Tuesday, September 23, 2008

Deviled Eggs

Deviled Eggs... I have never ate one. I have a sincere dislike of eggs. I especially loathe the little white funky thingies that hang off both sides of the yolk. You might notice that I make notations on certain recipes, like following egg, white thingies removed. But I hard boil them and make Egg Salad for Rob or on occasion for Sunday dinners or Superbowl I make Deviled Eggs. I've even been known to sunny side up an egg a time or two. But deviled eggs. Are they evil? "The term deviled came from 18th century England, relating to cooking in fiery hot spices or condiments." -Ron Lester. Check out his informative article here http://www.associatedcontent.com/article/216014/the_origin_of_the_deviled_egg.html?cat=22

28413 Deviled Eggs

1 dozen eggs boiled and shells peeled
1/2 cup mayonnaise
salt and pepper
Extra Spicy Hungarian Paprika

Slice your eggs in half. Voila, 24 appetizers. Carefully remove the yolk halves into a small mixing bowl. Set the deviled egg shells on a platter. Mash the yolks up with a fork. Add the mayo and mix it up, until a bit creamy. Salt and pepper the mixture and stir. If you like your yolk mix creamier add more mayo.

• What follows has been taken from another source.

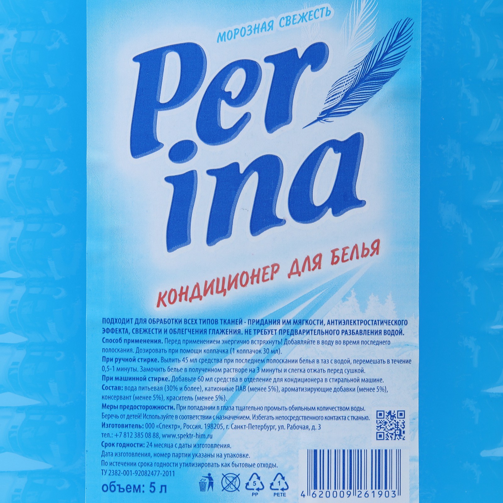 Кондиционер для белья perina "морозная свежесть", 5 л.   Кондиционер для белья Perina (Перина) "Морозная свежесть", 5 л.  Кондиционер для белья Perina «Морозная свежесть» подходит для всех типов тканей. Придает мягкость и свежесть, облегчает процесс глажения, обладает антиэлектростатическим эффектом. Не требует предварительного разбавления водой.  Состав: 5-15% Катионные ПАВ, <5% Неионогенные ПАВ, Ароматизирующие Добавки, Бензилсалицилат, Гексилкоричный Альдегид.  Объём, л: 5 Аромат: Морозная свежесть Назначение: Для белых тканей : 0 Температурное ограничение: Нет Особенности средства: Антистатический эффект  развернуть описание ▼

I make my D. Eggs fancy by putting an icing tip in a sandwich sized Ziploc bag. I trim the corner of the bag. Put the icing tip part in the bag and twist the part to secure tip in the bag. Spoon the yolk mixture into the Ziploc and pipe the yellow mixture into the egg white shells. After all the shells are filled, pour some paprika into your hand and sprinkle a pinch of paprika onto each D. Egg. They sure look extra perty with the fancy tip piped yolk mix.

Other toppings or additions you might want to consider:
green onion
a slice of black olive
diced ham

Serve with pride.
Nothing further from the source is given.